** Opening SUPPLIED DATA block **

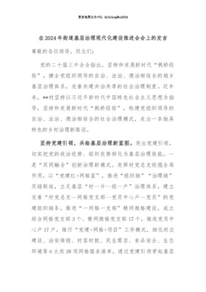 【七哥公文】2024年:在2024年街道基层治理现代化建设推进会会上的发言+更多免费公文+VX:QiGeGongWen2024
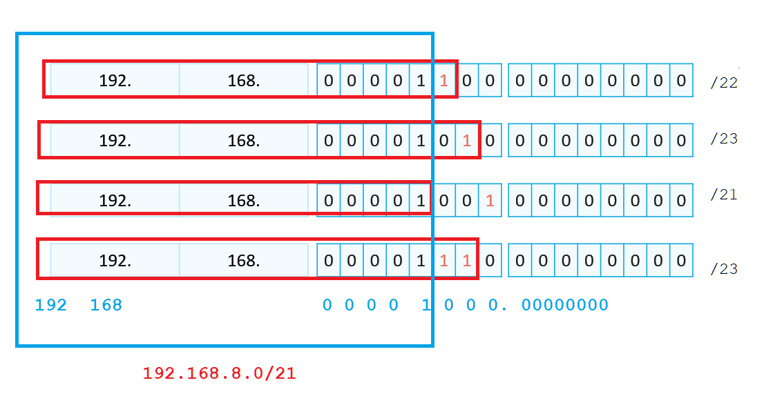 - CIDR容许任意长度的掩码长度,将IP地址看成连续的地址空间,可以使用任意长度的前缀分配,多个连续的前缀可以聚合成一个网络,该特性可以有效减少路由表条目数量。
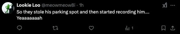 “所以她们抢了他的停车位,然后还开始录他的视频……嗯,真是绝了。”
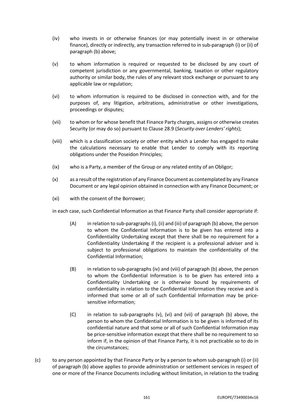 161 EUROPE/73490034v16 (iv) who invests in or otherwise finances (or may potentially invest in or otherwise finance), directly or indirectly, any transaction referred to in sub-paragraph (i) or (ii) of paragraph (b) above; (v) to whom information is required or requested to be disclosed by any court of competent jurisdiction or any governmental, banking, taxation or other regulatory authority or similar body, the rules of any relevant stock exchange or pursuant to any applicable law or regulation; (vi) to whom information is required to be disclosed in connection with, and for the purposes of, any litigation, arbitrations, administrative or other investigations, proceedings or disputes; (vii) to whom or for whose benefit that Finance Party charges, assigns or otherwise creates Security (or may do so) pursuant to Clause 28.9 (Security over Lenders' rights); (viii) which is a classification society or other entity which a Lender has engaged to make the calculations necessary to enable that Lender to comply with its reporting obligations under the Poseidon Principles; (ix) who is a Party, a member of the Group or any related entity of an Obligor; (x) as a result of the registration of any Finance Document as contemplated by any Finance Document or any legal opinion obtained in connection with any Finance Document; or (xi) with the consent of the Borrower; in each case, such Confidential Information as that Finance Party shall consider appropriate if: (A) in relation to sub-paragraphs (i), (ii) and (iii) of paragraph (b) above, the person to whom the Confidential Information is to be given has entered into a Confidentiality Undertaking except that there shall be no requirement for a Confidentiality Undertaking if the recipient is a professional adviser and is subject to professional obligations to maintain the confidentiality of the Confidential Information; (B) in relation to sub-paragraphs (iv) and (viii) of paragraph (b) above, the person to whom the Confidential Information is to be given has entered into a Confidentiality Undertaking or is otherwise bound by requirements of confidentiality in relation to the Confidential Information they receive and is informed that some or all of such Confidential Information may be price- sensitive information; (C) in relation to sub-paragraphs (v), (vi) and (vii) of paragraph (b) above, the person to whom the Confidential Information is to be given is informed of its confidential nature and that some or all of such Confidential Information may be price-sensitive information except that there shall be no requirement to so inform if, in the opinion of that Finance Party, it is not practicable so to do in the circumstances; (c) to any person appointed by that Finance Party or by a person to whom sub-paragraph (i) or (ii) of paragraph (b) above applies to provide administration or settlement services in respect of one or more of the Finance Documents including without limitation, in relation to the trading
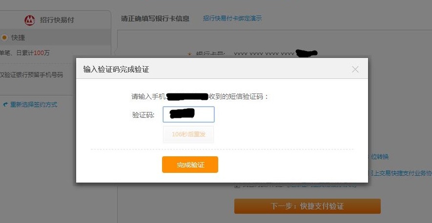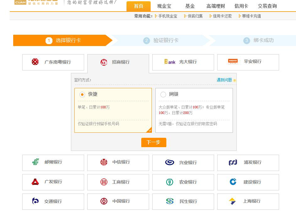 以招行快捷為例,其余銀行類似。
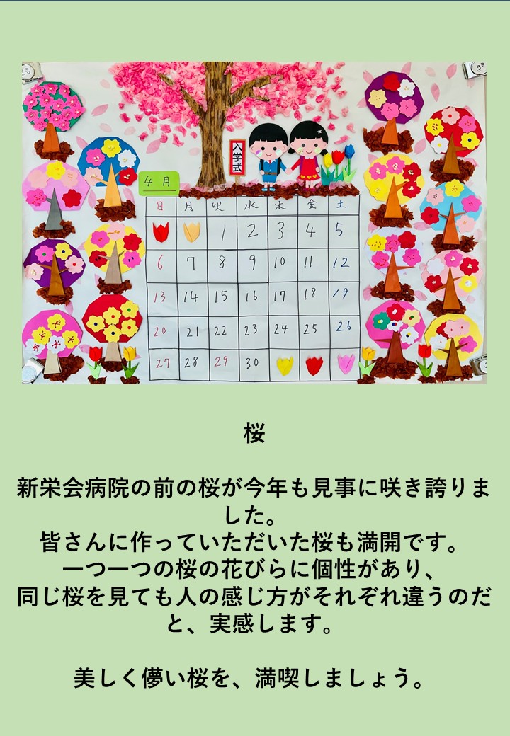 介護医療院で入学式のカレンダーを作成しました。
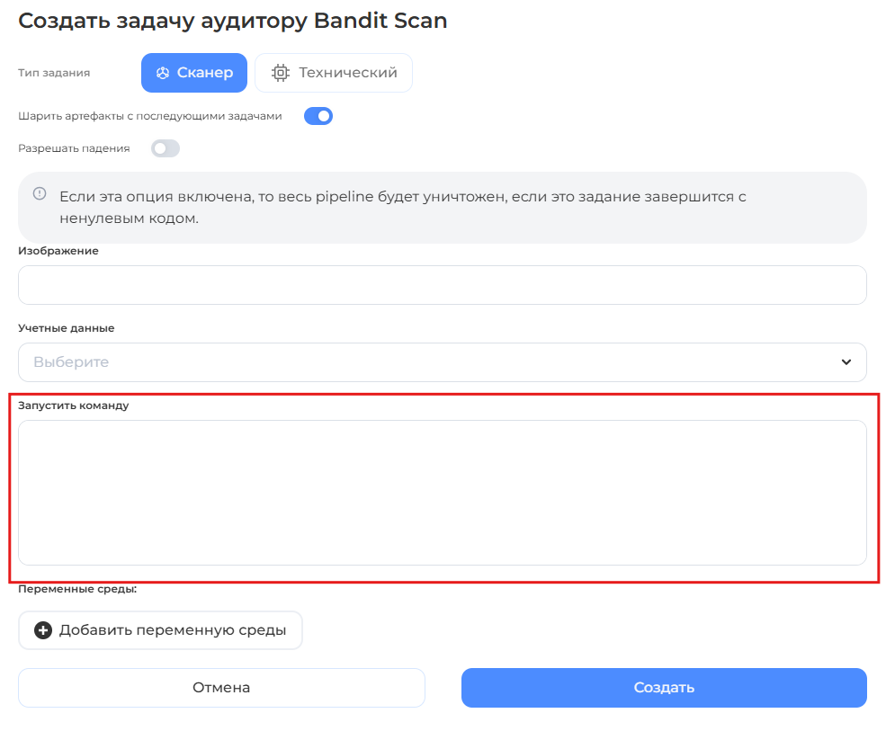 * **Переменные окружения**: указываются переменные окружения, которые будут использоваться заданием\
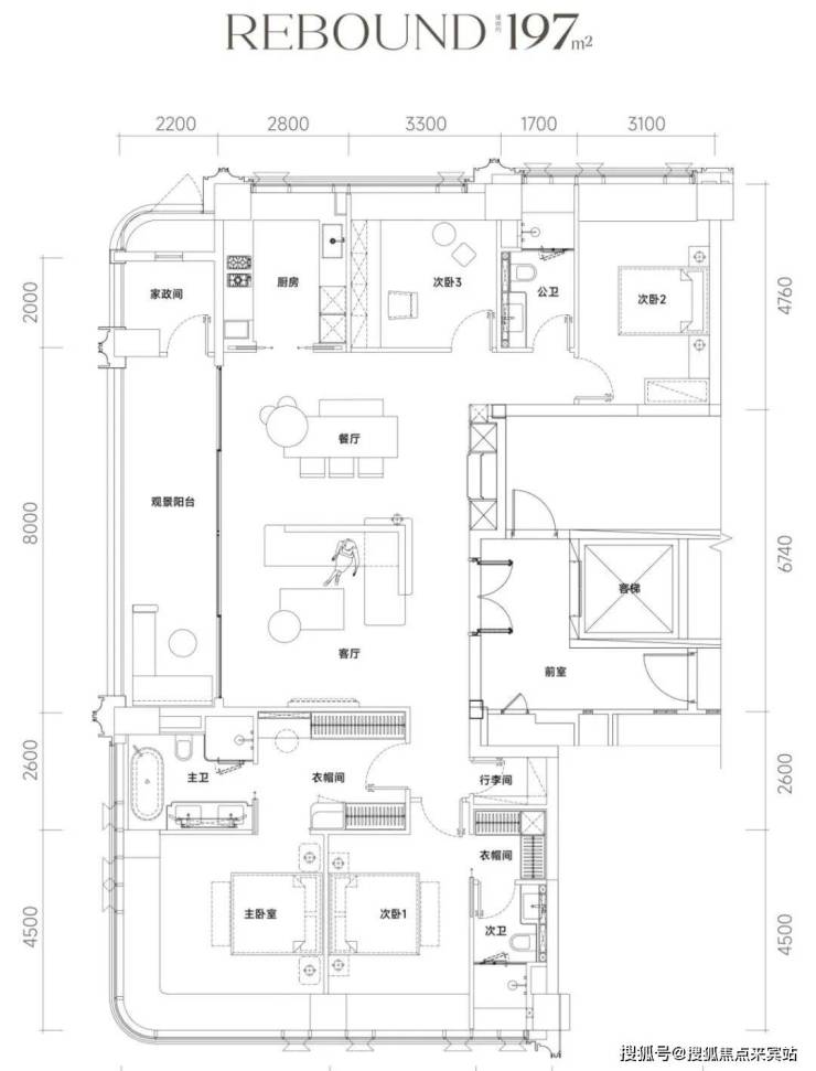 项目占地14969.93㎡,是过去饼干厂旧改,住宅没有7090限制,面积段为188-246㎡精装大平层。由4栋住宅组成(3栋商品房+1栋回迁房),商品房总计261户,户均218㎡,主打188-247㎡ T2、T3高端改善户型。
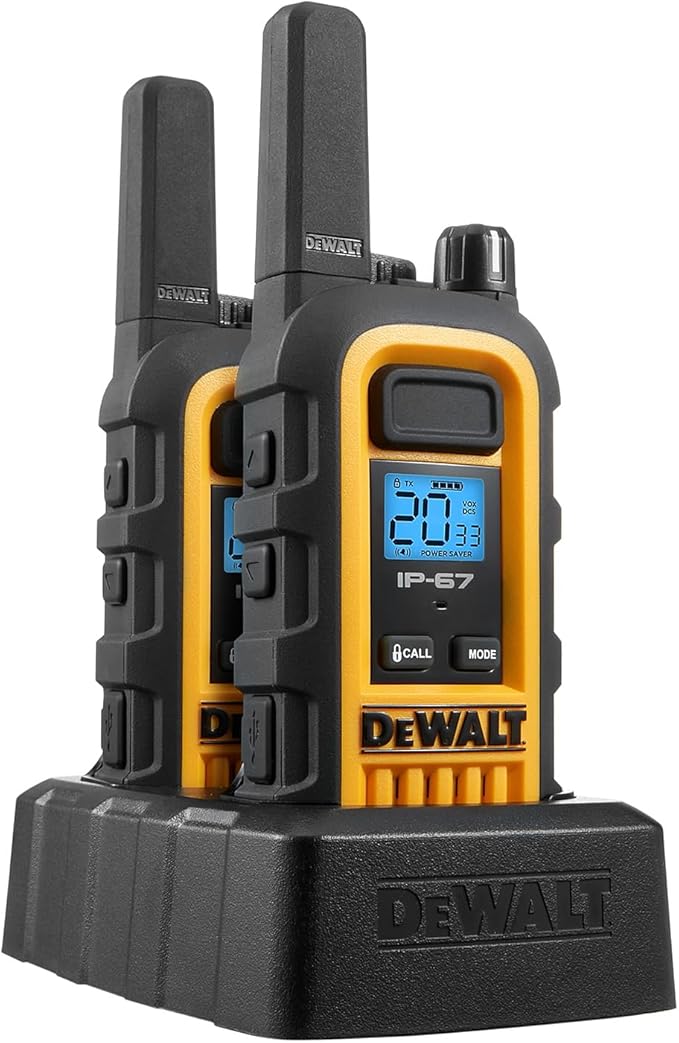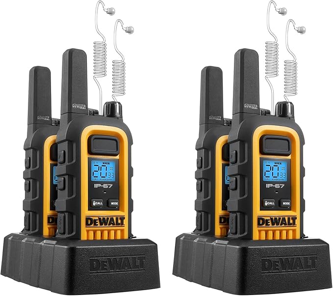 DEWALT DXFRS300 1 Watt Heavy Duty Walkie Talkies with Headsets - Waterproof, Shock Resistant, Long Range & Rechargeable Two-Way Radio with VOX (4 Pack) (2DXFRS300-SV1)
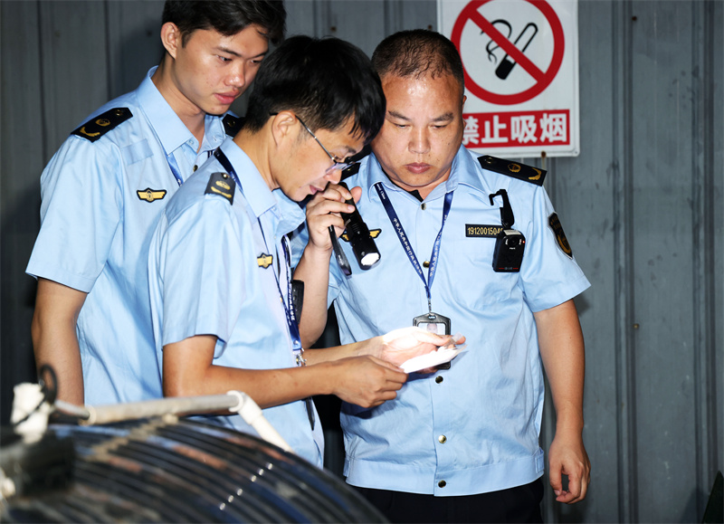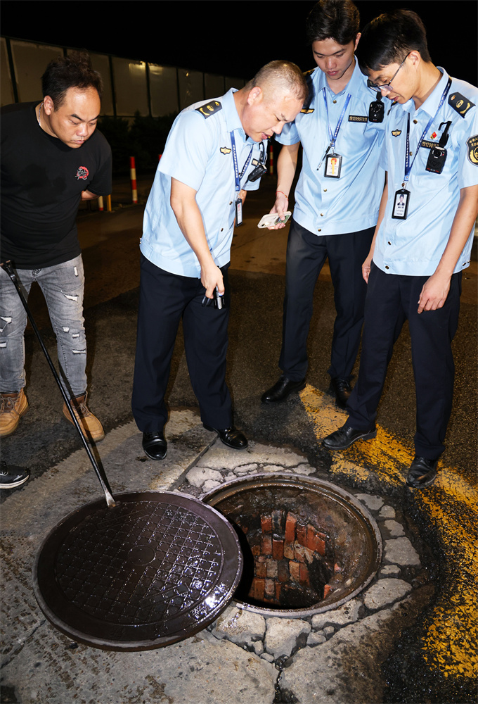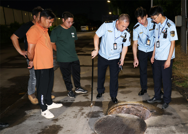 ▲执法人员对排水管道进行掀盖检查。
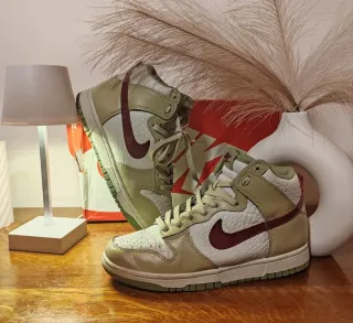 Scarpe da ginnastica Nike Dunk High numero 38.5 in ottime condizioni, pari al nuovo, singolo diffetto come mostrato in foto una piccola riga, nel resto perfette. Molto comode e leggere, interni perfetti senza nessuno rotture e puliti, esterno ottimo, suola in perfetto stato. - Tomaia in pelle beige e bianca. - Dettagli rossi. - Suola in gomma.

** Closing SUPPLIED DATA block **

◆ **PROBLEM DETAILS**: The reply should hold exactly the lines above, starting at the line with "以招行快捷為例,其余銀行類似。" and ending at the line with "项目占地14969.93㎡,是过去饼干厂", and no pictures.

◆ **SOLVED EXERCISE**:
 以招行快捷為例,其余銀行類似。
 介護医療院で入学式のカレンダーを作成しました。
 * **Переменные окружения**: указываются переменные окружения, которые будут использоваться заданием\
 项目占地14969.93㎡,是过去饼干厂旧改,住宅没有7090限制,面积段为188-246㎡精装大平层。由4栋住宅组成(3栋商品房+1栋回迁房),商品房总计261户,户均218㎡,主打188-247㎡ T2、T3高端改善户型。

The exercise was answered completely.